How is Ideal Gas Different from Real Gas?
The concept of gases has been a fundamental aspect of chemistry and physics for centuries. Gases are one of the four fundamental states of matter, along with solids, liquids, and plasmas. While the behavior of gases has been extensively studied, there is a significant difference between the ideal gas and the real gas. In this article, we will explore how ideal gas differs from real gas and understand the implications of these differences.
1. Assumptions of Ideal Gas
An ideal gas is a theoretical concept that assumes certain properties to simplify the understanding of gas behavior. The assumptions of an ideal gas are as follows:
a. Gas particles are point masses with no volume.
b. Gas particles do not interact with each other except during collisions.
c. Gas particles move in a straight line at constant speeds.
d. The collisions between gas particles are perfectly elastic.
These assumptions allow us to use the ideal gas law, which is a mathematical relationship that describes the behavior of ideal gases. The ideal gas law is given by the equation PV = nRT, where P is the pressure, V is the volume, n is the number of moles, R is the ideal gas constant, and T is the temperature.
2. Real Gas Behavior
Real gases, on the other hand, do not perfectly adhere to the assumptions of an ideal gas. Real gases have the following characteristics:
a. Gas particles have finite volume.
b. Gas particles interact with each other through attractive and repulsive forces.
c. Gas particles do not move in a straight line at constant speeds.
d. The collisions between gas particles are not perfectly elastic.
These deviations from the ideal gas behavior lead to deviations from the ideal gas law. As a result, real gases exhibit phenomena such as condensation, boiling, and the van der Waals forces.
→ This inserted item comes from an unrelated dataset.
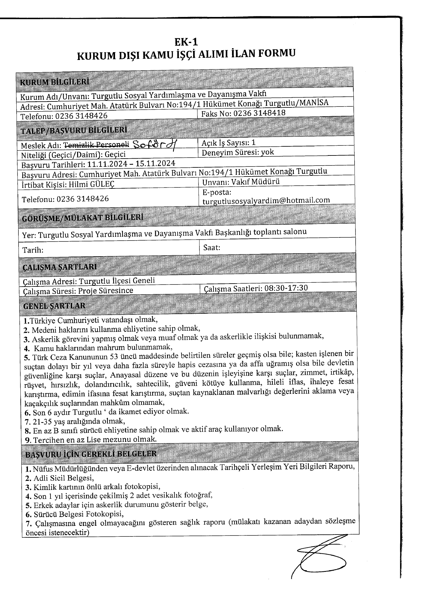 Manisa Turgutlu SYDV Geçici 1 İşçi Alacak. Son başvuru tarihi 15 kasım 2024

3. Deviations from Ideal Gas Behavior
The deviations from ideal gas behavior can be quantified using the van der Waals equation, which is a modification of the ideal gas law. The van der Waals equation takes into account the finite volume of gas particles and the attractive and repulsive forces between them. The equation is given by:
(P + a(n/V)^2)(V – nb) = nRT
where a and b are constants specific to each gas.
4. Conclusion
In conclusion, the ideal gas and real gas differ in several aspects. The ideal gas is a theoretical concept that assumes certain properties to simplify the understanding of gas behavior, while the real gas takes into account the finite volume of gas particles and the attractive and repulsive forces between them. The deviations from ideal gas behavior are quantified using the van der Waals equation. Understanding these differences is crucial for accurately describing and predicting the behavior of gases in various applications.